Segment Start: Dataset content

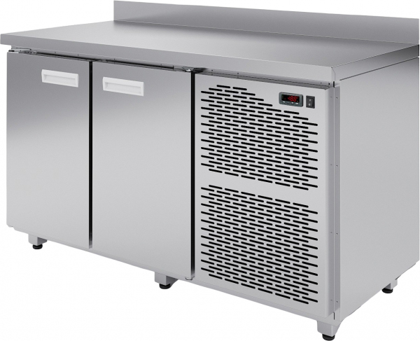 Стол имеет 2 глухие двери, 4 полки-решётки, правый агрегат, электронный блок управления, 6 регулируемых по высоте ножек, клапан шредера. Стол предназначен для эксплуатации при температуре окружающей среды до +32С и относительной влажности воздуха до 60%. Автоматическая оттайка осуществляется ТЭНом. Хладагент - R290.
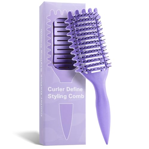 Curl Defining Brush Hair Brush Curved Vented Detangling Hair Brushes for Women Men Wet Dry Hair Use, Faster Blow Drying Styling Professional Paddle Vent Detangler Brush
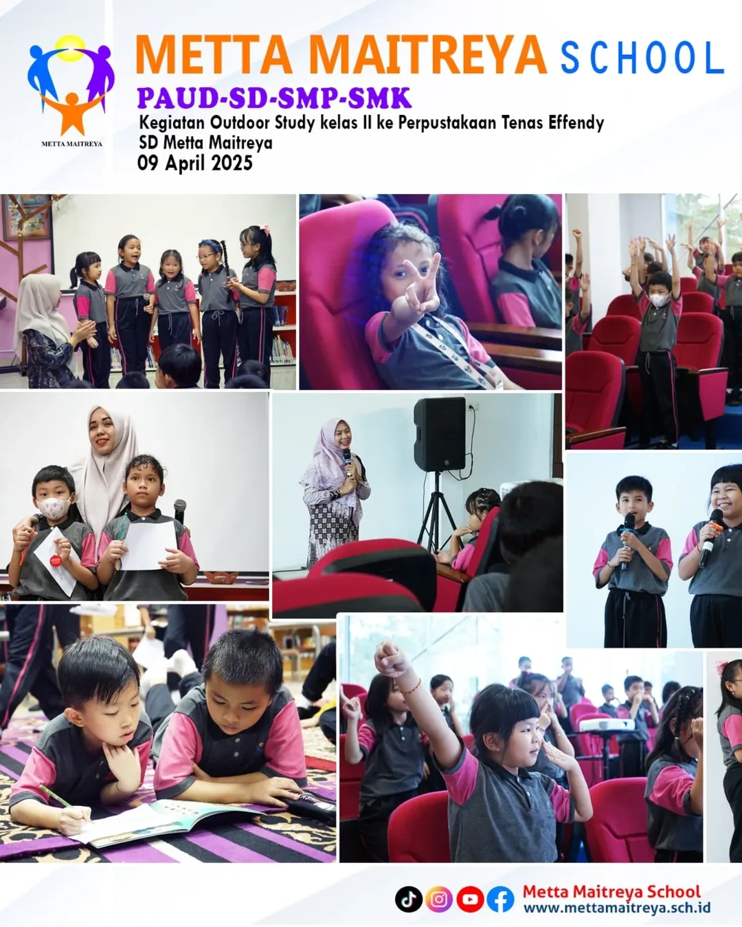 Kunjungan literasi ke perpustakaan Tenas Effendy menjadi pengalaman berharga bagi Peserta Didik kelas 2 SD Metta Maitreya. Dengan Antusias, mereka menjelajahi dunia lewat halaman-halaman buku. Tak hanya membaca, Peserta Didik juga diajak untuk menjelajahi sudut-sudut perpustakaan yang telah ditata sedemikian rupa agar ramah anak dan menarik perhatian. Beberapa Peserta Didik bahkan terlihat begitu asyik membaca buku cerita bergambar, buku dongeng, hingga ensiklopedia anak. Semoga langkah kecil ini menjadi awal besar menuju masa depan yang gemilang.

Segment End: Dataset content

**Task**
What you return must match the material above exactly, apart from its pictures.

**Task answer**
 Стол имеет 2 глухие двери, 4 полки-решётки, правый агрегат, электронный блок управления, 6 регулируемых по высоте ножек, клапан шредера. Стол предназначен для эксплуатации при температуре окружающей среды до +32С и относительной влажности воздуха до 60%. Автоматическая оттайка осуществляется ТЭНом. Хладагент - R290.
 Curl Defining Brush Hair Brush Curved Vented Detangling Hair Brushes for Women Men Wet Dry Hair Use, Faster Blow Drying Styling Professional Paddle Vent Detangler Brush
 Kunjungan literasi ke perpustakaan Tenas Effendy menjadi pengalaman berharga bagi Peserta Didik kelas 2 SD Metta Maitreya. Dengan Antusias, mereka menjelajahi dunia lewat halaman-halaman buku. Tak hanya membaca, Peserta Didik juga diajak untuk menjelajahi sudut-sudut perpustakaan yang telah ditata sedemikian rupa agar ramah anak dan menarik perhatian. Beberapa Peserta Didik bahkan terlihat begitu asyik membaca buku cerita bergambar, buku dongeng, hingga ensiklopedia anak. Semoga langkah kecil ini menjadi awal besar menuju masa depan yang gemilang.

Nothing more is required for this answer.